# STORED DATA:
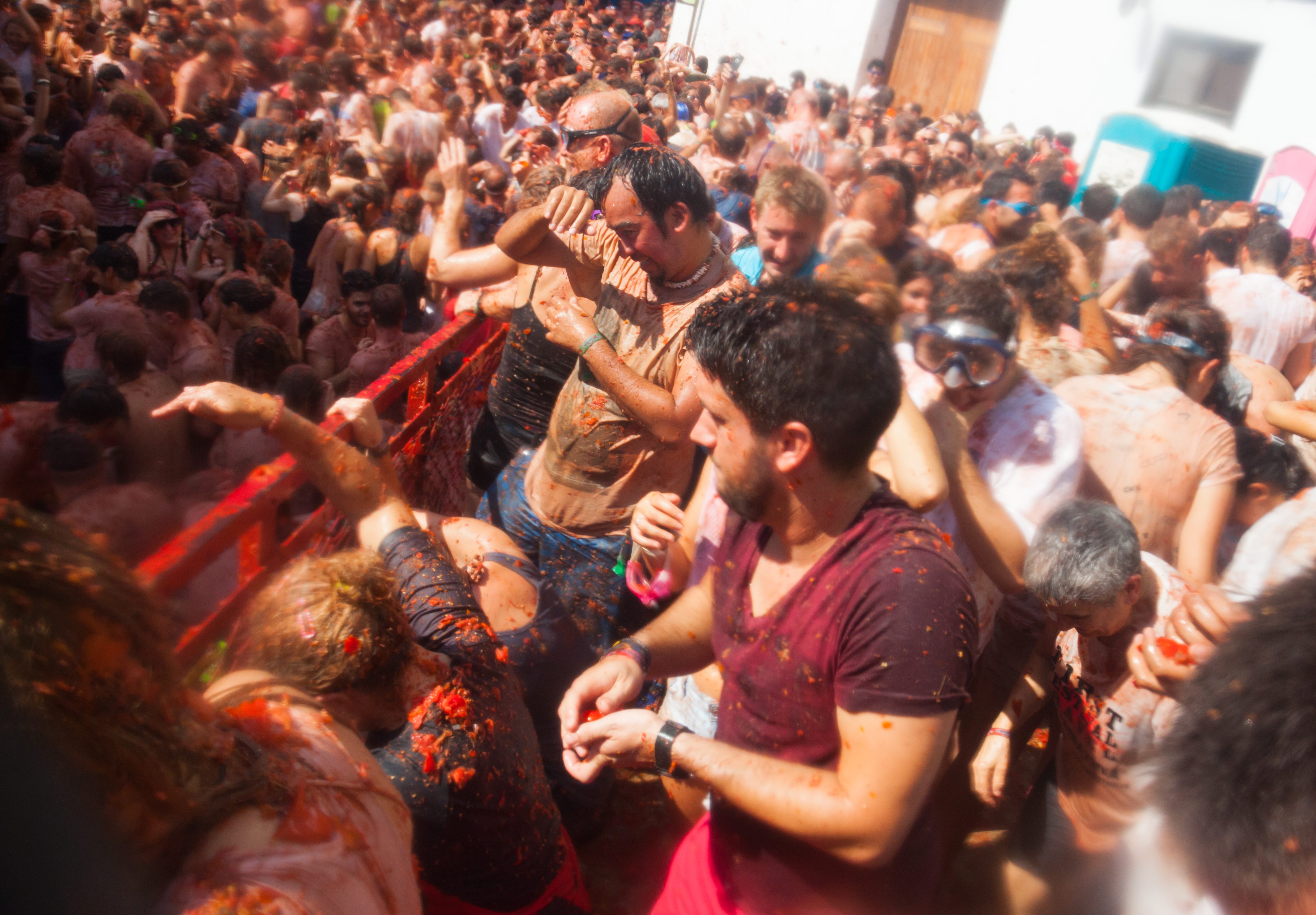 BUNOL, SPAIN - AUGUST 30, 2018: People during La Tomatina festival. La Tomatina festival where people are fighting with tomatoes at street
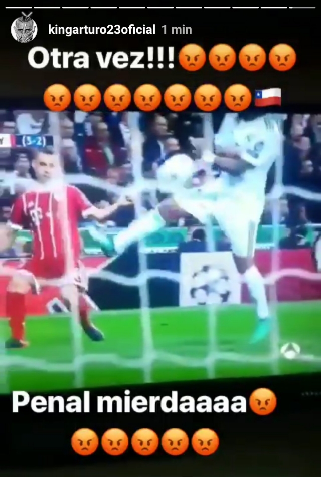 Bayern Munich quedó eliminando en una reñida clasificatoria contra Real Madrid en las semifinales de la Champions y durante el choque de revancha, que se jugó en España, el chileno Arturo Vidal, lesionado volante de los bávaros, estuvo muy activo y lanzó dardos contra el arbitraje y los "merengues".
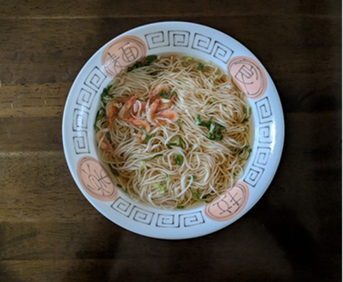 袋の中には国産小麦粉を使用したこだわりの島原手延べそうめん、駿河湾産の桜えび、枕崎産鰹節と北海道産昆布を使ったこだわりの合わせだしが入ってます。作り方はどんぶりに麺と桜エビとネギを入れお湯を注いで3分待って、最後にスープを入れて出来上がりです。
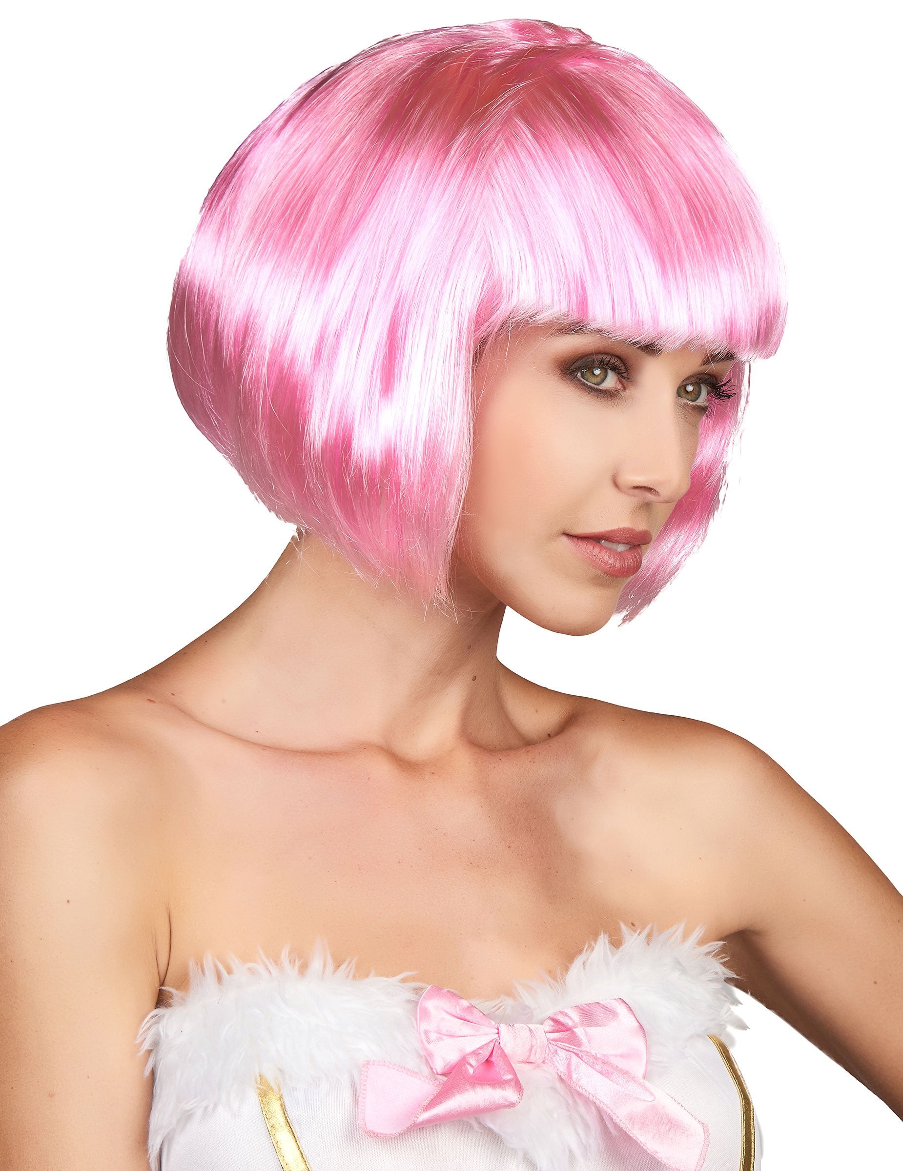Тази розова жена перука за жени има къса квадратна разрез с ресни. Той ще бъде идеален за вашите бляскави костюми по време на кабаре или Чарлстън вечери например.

# TASK DIRECTIONS:
Nothing but the listing, copied exactly and stripped of its images, should appear in the response.

# PROBLEM SOLUTION:
 BUNOL, SPAIN - AUGUST 30, 2018: People during La Tomatina festival. La Tomatina festival where people are fighting with tomatoes at street
 Bayern Munich quedó eliminando en una reñida clasificatoria contra Real Madrid en las semifinales de la Champions y durante el choque de revancha, que se jugó en España, el chileno Arturo Vidal, lesionado volante de los bávaros, estuvo muy activo y lanzó dardos contra el arbitraje y los "merengues".
 袋の中には国産小麦粉を使用したこだわりの島原手延べそうめん、駿河湾産の桜えび、枕崎産鰹節と北海道産昆布を使ったこだわりの合わせだしが入ってます。作り方はどんぶりに麺と桜エビとネギを入れお湯を注いで3分待って、最後にスープを入れて出来上がりです。
Тази розова жена перука за жени има къса квадратна разрез с ресни. Той ще бъде идеален за вашите бляскави костюми по време на кабаре или Чарлстън вечери например.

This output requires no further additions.